Recuerda que es altamente recomendable acompañar la lectura con la Banda Sonora Opcional que aparece al final de cada relato.

   

La visitante nocturna

Tela de araña para ilustrar el relato La visitante nocturna

Puedes ver la imagen original en la cuenta de Flickr de Jed Sullivan.

 

Abro los ojos y allí está, quieta, oscura y paciente, con sus enormes patas y su rechoncho cuerpo segmentado. Me observa parsimoniosa desde una pequeña imperfección en la pared, entre dos ladrillos que ha reclamado como propios. Apenas se mueve, como si en realidad no estuviese allí, a la espera de un mosquito despistado o de una mosca que vuele demasiado cerca.

Podría cerrar los ojos y regresar a mi plácido sueño pero soy incapaz; esa mirada octuplicada me hipnotiza, observándolo todo desde su atalaya con la intensidad de ojos sin párpados y la mirada fija en cuanto le rodea.

Me levanto, no puedo permitir que esa ínfima criatura me gane esta batalla. Una batalla que nunca ha presentado, pero cuya victoria debo ser yo quien la proclame.

Al acercarme a su guarida corre a las profundidades a esconderse, veloz y acobardada y eso me crispa de una manera inexplicable, por convertir en acto inútil el esfuerzo de enrollar el periódico que ahora alberga mi mano.

Podría cerrar los ojos y regresar a mi plácido sueño pero soy incapaz; esa mirada octuplicada me hipnotiza

Pero no me rendiré tan fácilmente. Mi ira es tan terrible que hasta el sueño ha corrido a esconderse en cualquier profundo recodo de mi mente.
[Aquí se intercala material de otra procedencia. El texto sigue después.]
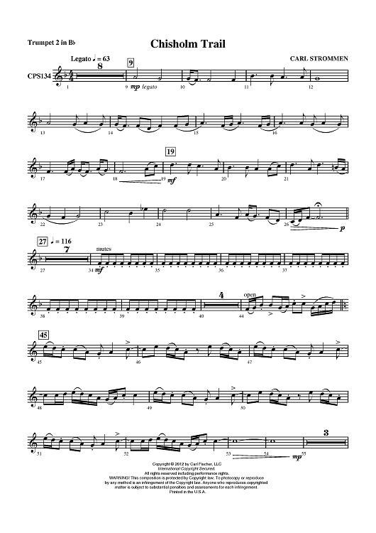 "Chisholm Trail - Trumpet 2 in Bb" Sheet Music by Carl Strommen

Me dirijo hacia el baño en busca de un arma mejor que presentar en la pelea contra este irracional enemigo y regreso con la seguridad del triunfo en la mirada y un as químico en la manga. Sobre su hogar vierto toneladas de veneno preventivo en forma de aerosol, masiva e indiscriminadamente.

Tras unos segundos, veo aparecer a mi némesis articulado tambaleándose, visiblemente incómoda por no haber previsto esta jugada, mientras trata de aferrarse a la pared con su último estertor arácnido. Observando el espectáculo la curiosidad me atrapa en sus redes y un pensamiento interesante pone huevos en mi mente. En realidad poco sé de estas pequeñas criaturas ¿Cuál es su dieta? ¿Son nocturnas o diurnas? ¿Tienen siquiera pulmones con los que sufrir un último estertor?

A medida que me planteo estas cuestiones tan humanas, cierto sentimiento de humana culpa eclosiona tímidamente en mi conciencia. Verla agonizar de esa manera llega a resultar molesto y, en un acto de misericordia, opto por poner fin a tan inútil sufrimiento a golpe de tabloide deportivo. Al fin todo queda en calma y puedo acallar el molesto picor que ha surgido justo en mitad de mi conciencia.

Con la satisfacción de un trabajo bien hecho, regreso a mi cama y apago la luz, tratando de conciliar un sueño inquieto y pegajoso, producto colateral de un exceso de toxina que reactiva mis lacrimales sin la presencia catalizadora de emociones, compitiendo en su llamada de atención con mis pulmones irritados.

Pero lo que más distrae mis esfuerzos por alcanzar el limbo onírico, es el zumbido agradecido de un mosquito perspicaz, que absorbe con un guiño parte de mi estúpida genética, libre ahora de la amenaza de su archienemigo ancestral.